Joe Biden's transformation
Written by Javier Maquieira, Senior Associate
Edited by Laura Hamilton, Managing Partner
As Donald Trump continues to outrage the world and polarise Americans with a Bible in hand, the presumptive Democratic presidential nominee, Joe Biden, seems to be slowly emerging from a low profile.
On Monday, after hours of peaceful protests against police brutality, Barack Obama’s former vice-president went to Bethel African Methodist Episcopal church in his home town of Wilmington, Delaware, to join community leaders in their prayers for George Floyd. Biden left the church with a clear mandate from members of the city’s black community: to be bolder in his commitment to supporting them.
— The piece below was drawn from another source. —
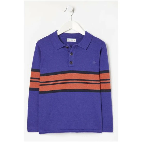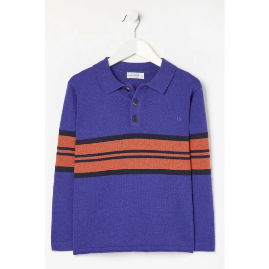 In a super comfy and relaxed fit, this knitted polo top is crafted from soft durable cotton with a ribbed collar, a colourful stripe design and buttons at the top. Pair it with jeans for special occasions or with joggers and trainers for his many adventures.

The next day, the presumptive Democratic nominee gave a speech in Philadelphia condemning President Trump’s “narcissism” and increasingly confrontational response to demonstrators. He added that “the moment has come for our nation to deal with systemic racism.”
Biden has acknowledged that it’s not enough to be better than Trump and that he needs to step up to show Americans how he might lead a situation of civil unrest and a global pandemic that threatens to come in waves.
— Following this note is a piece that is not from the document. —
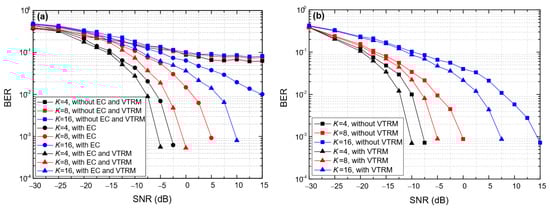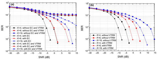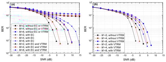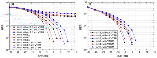 From Figure 17, we observe that as the performance of the proposed BC-UAC method, in terms of the BER, decreases as M increases. However, the performance is improved using the VTRM equalization module at the receiver. Moreover, the influence of M on the performance of BC-UAC-TD is larger than that of BC-UAC-FS.

One of the first challenges the former vice-president will face is choosing a running mate; a decision he plans to make by late July. Biden has vowed to name a woman as his vice-president but is now under growing pressure to pick a black person.
That could be good news for Kamala Harris, Biden’s one-time rival in the Democratic bid for the White House before dropping out of the race in December 2019. Despite questions on whether she would be tough enough on law enforcement officers, having been a San Francisco prosecutor and California attorney general herself, she has repeatedly expressed sympathy for the peaceful protests and is seen as providing balance to the presidential ticket.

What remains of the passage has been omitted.